Source data
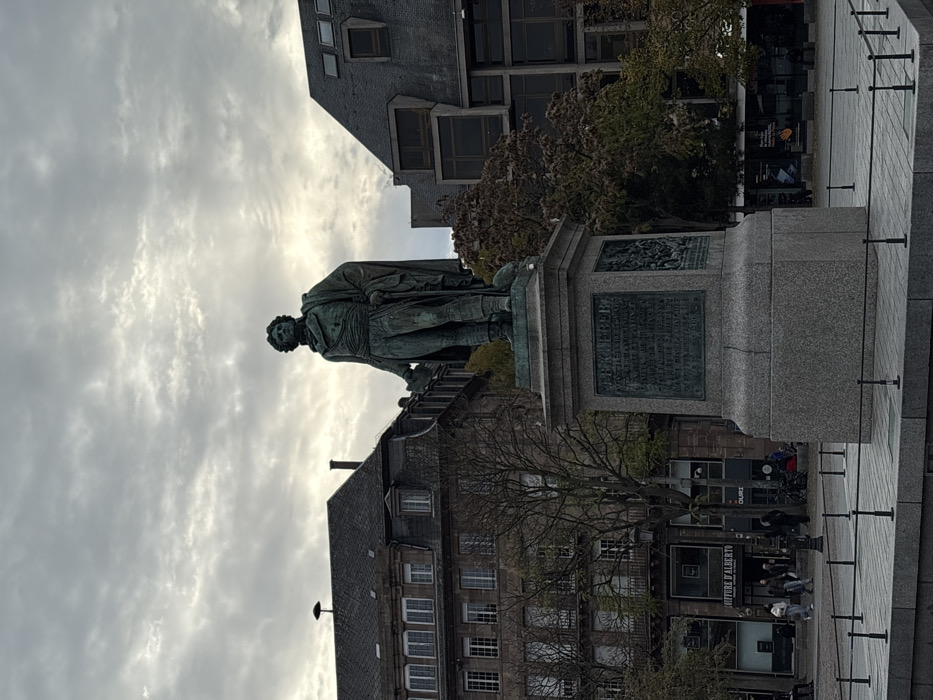 A bronze statue of General Jean-Baptiste Kléber stands prominently on a multi-tiered grey stone pedestal in Place Kléber, Strasbourg, France
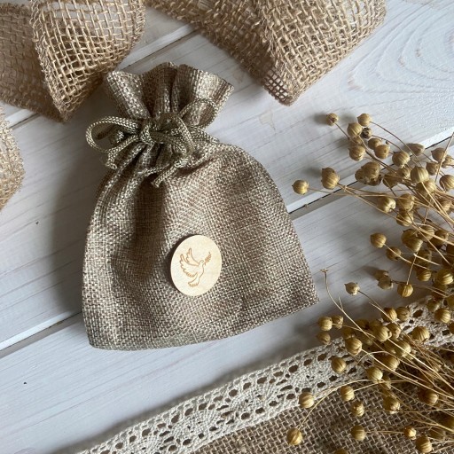 Oferowana kartka znajduje się w ozdobnym woreczku jutowym.
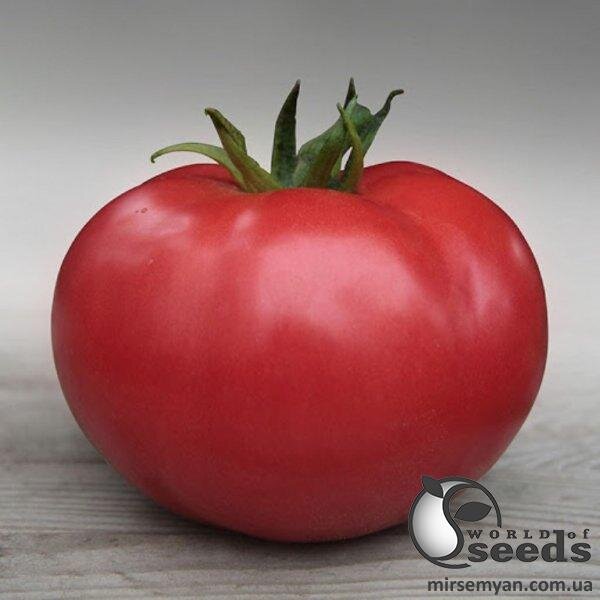 Плід: дуже великі плоскоокруглі плоди з рівною і гладкою поверхнею привабливого рожевого забарвлення і не має зеленої плями. Щільна та цукрова структура з приголомшливим солодким смаком та ароматом. Маса помідора становить 320-350 г. Плоди високотранспортабельні, не розтріскуються навіть в умовах високої вологості. Відмінні товарні характеристики.
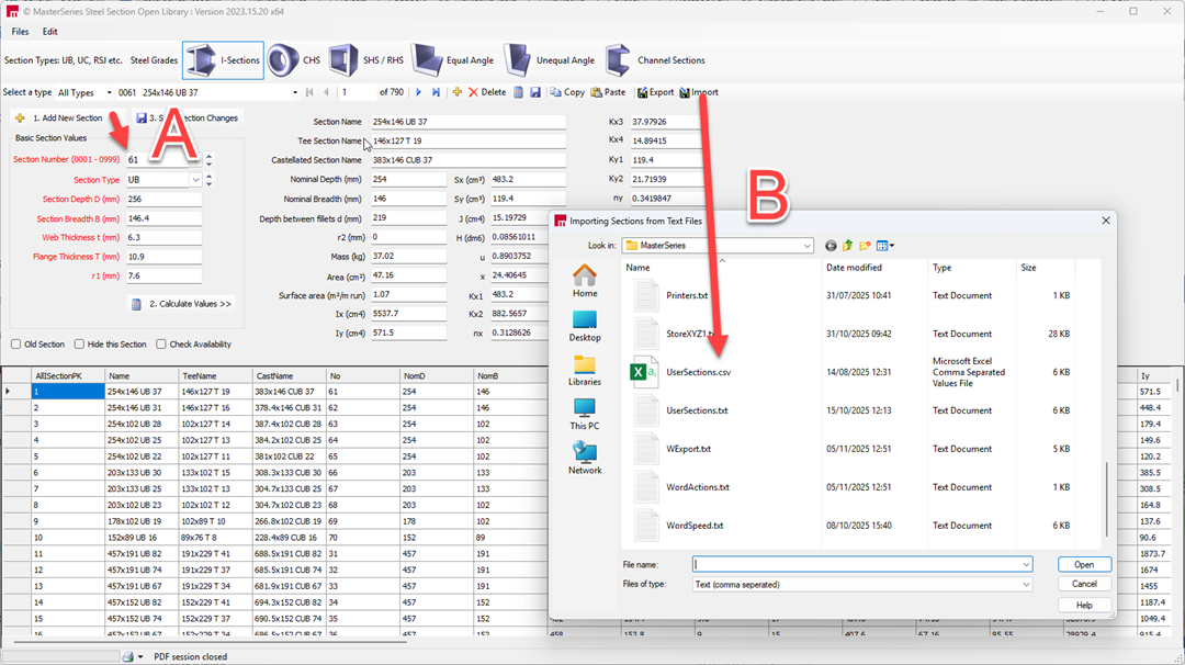Once the sections are added to the Open Library, they are permanently available on the local computer. You can access and utilise these new standard sections within MasterFrame:
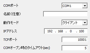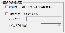 この時間を超えても接続が完了しない場合は、COMポートのオープンに失敗します。 接続に時間がかかりオープンに失敗する場合に、この値を大きくして調整してください。

> _Work to complete_:
Copy exactly, and copy nothing else: the lines from the start of the data above through the line that holds "Oferowana kartka znajduje". The pictures stay out.

> _Solution for this exercise_:
 A bronze statue of General Jean-Baptiste Kléber stands prominently on a multi-tiered grey stone pedestal in Place Kléber, Strasbourg, France
 Oferowana kartka znajduje się w ozdobnym woreczku jutowym.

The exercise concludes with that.